Super Typhoon Haiyan smashed into coastal communities on the central island of Samar, about 600km southeast of Manila, before dawn on Friday with maximum sustained winds of about 315km/hr.

"It was frightening. The wind was so strong; it was so loud, like a screaming woman. I could see trees being toppled down," said Liwayway Sabuco, a saleswoman from Catbalogan, a major city on Samar.

The government said three people had been confirmed killed and another man was missing after he fell off a gangplank in the central port of Cebu.

But the death toll was expected to rise, with authorities unable to immediately contact the worst affected areas and Haiyan only expected to leave the Philippines in the evening.

Haiyan generated wind gusts of 379km/h on Friday morning, according to the US Navy's Joint Typhoon Warning Centre.

Masters said the previous record for the strongest typhoon to make landfall was Hurricane Camille, which hit Mississippi in the United States with sustained winds of 190km/h in 1969.
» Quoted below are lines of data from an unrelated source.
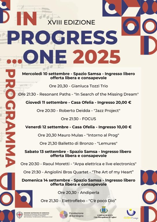 Con la sua diciottesima edizione, dal 10 al 14 settembre 2025 torna a Sestu il festival In Progress…One, ormai istituzionale appuntamento sardo con progressive rock e contaminazioni, sperimentazioni jazz e avanguardie musicali. Dieci i concerti in programma, ospitati quest’anno sia nella consueta cornice di Casa Ofelia (via Parrocchia 88) sia nello Spazio Samsa (via Gramsci 5) grazie all’organizzazione dell’associazione Mediteuropa col sostegno dell’Assessorato regionale della Cultura, della Fondazione di Sardegna e del Comune di Sestu. A corredo delle esibizioni musicali, una mostra fotografica ed esposizioni artistiche, un angolo food con degustazione di vini e specialità gastronomiche prodotte dalle imprese locali.
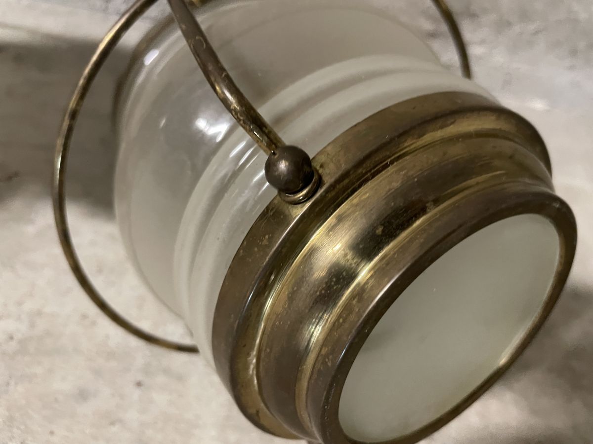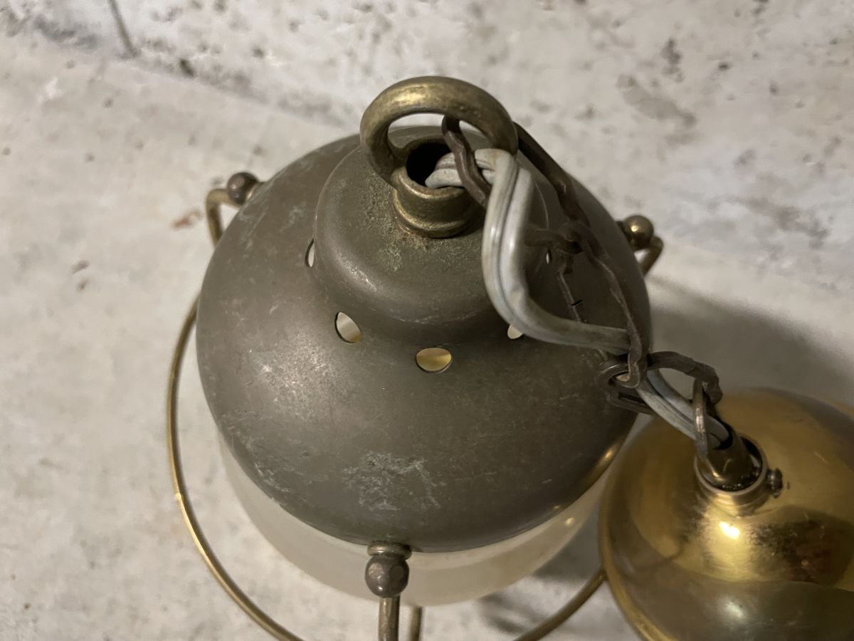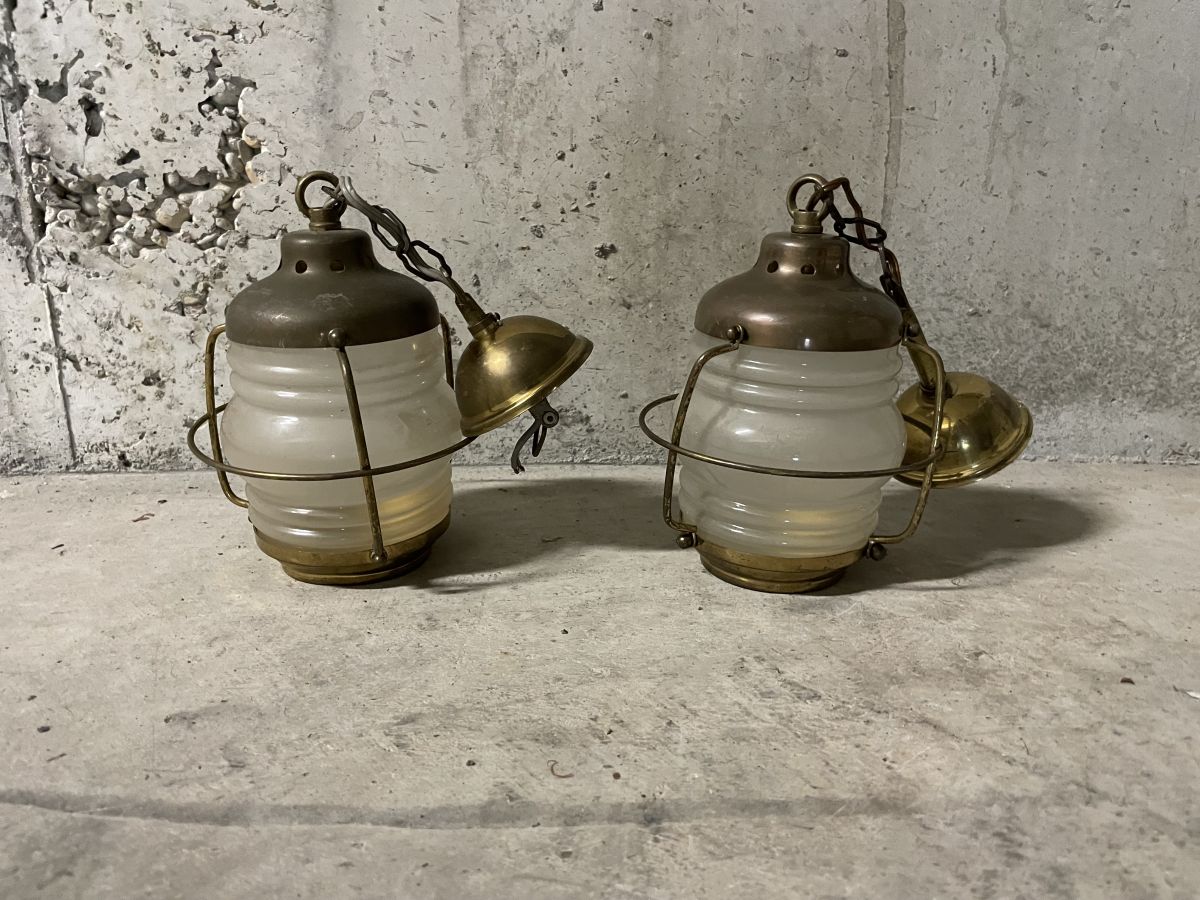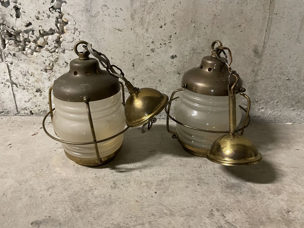 Paire de suspensions de marine en opaline, montant de douille en laiton, fonctionne parfaitement (ampoule vissée type E14), diamètre 12cm, hauteur 20cm, bon état général.
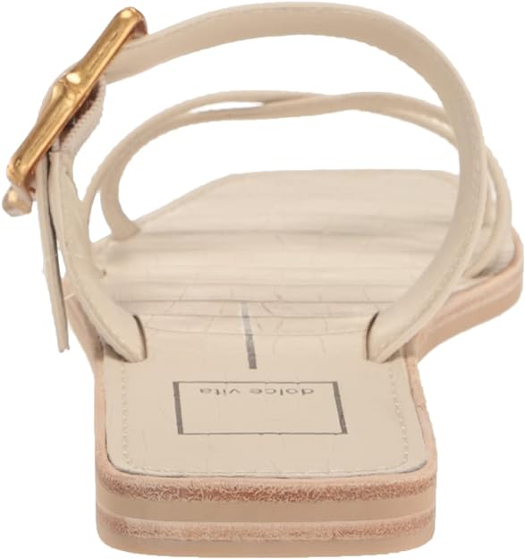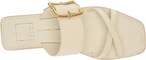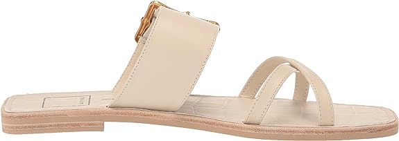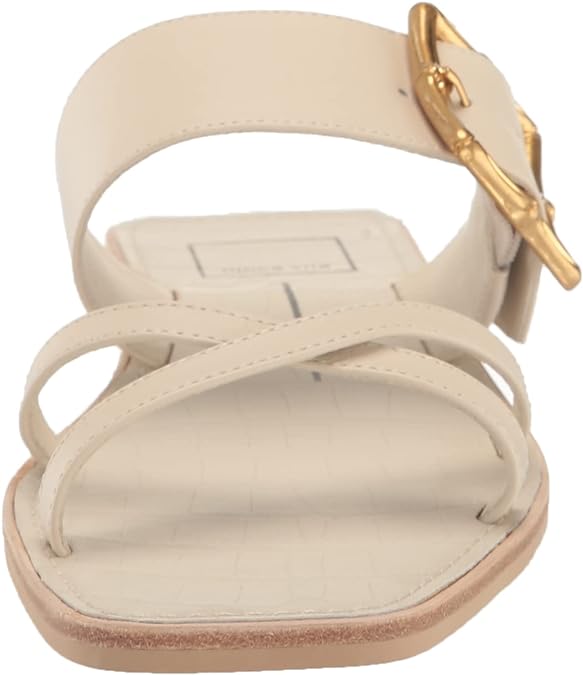 Dolce Vita Lowyn Ivory Leather Slip On Buckle Detailed Squared Toe Flat Sandals
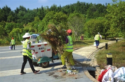 我市城区环卫工人肩负着整个城区124条主次干道、603条背街小巷的清扫保洁、垃圾清运处理和居民区的垃圾收运、淦河河道及公共厕所的保洁等任务。

In Tacloban, a city of more than 200 000 people close to where Haiyan made landfall, corrugated iron sheets were ripped off roofs and floated with the wind before crashing into buildings, according to video footage taken by a resident.

Flash floods also turned Tacloban's streets into rivers, while a photo from an ABS-CBN television reporter showed six bamboo houses washed away along a beach more than 200km to the south.

Preparing for disaster

Authorities expressed initial confidence that the death toll from Haiyan would not climb dramatically, citing a massive effort starting two days before the typhoon hit to evacuate those in vulnerable areas.

More than 718 000 people had sought shelter in evacuation centres, 3 000 ferries had been locked down at ports and hundreds of flights were cancelled, according to the national disaster management council's spokesperson, Reynaldo Balido.

"In terms of damage, we cannot avoid that but the silver lining here is that the casualties are only three as of now," he said in Manila.

"It is possible that this will increase, but we don't think it will increase that much more unlike in previous typhoons. The people have learnt their lesson."

Another reason for optimism was that Haiyan did not bring extreme rains, which is typically the major cause of deaths for typhoons in the Philippines.

Nevertheless, Balido said disaster officials had yet to make contact with many cities and towns that were believed to have been badly damaged, and it was impossible to get a clear picture of the damage on Friday evening.

Haiyan is expected to exit the Philippines after 21:00 and into South China Sea, tracking towards Vietnam and Laos.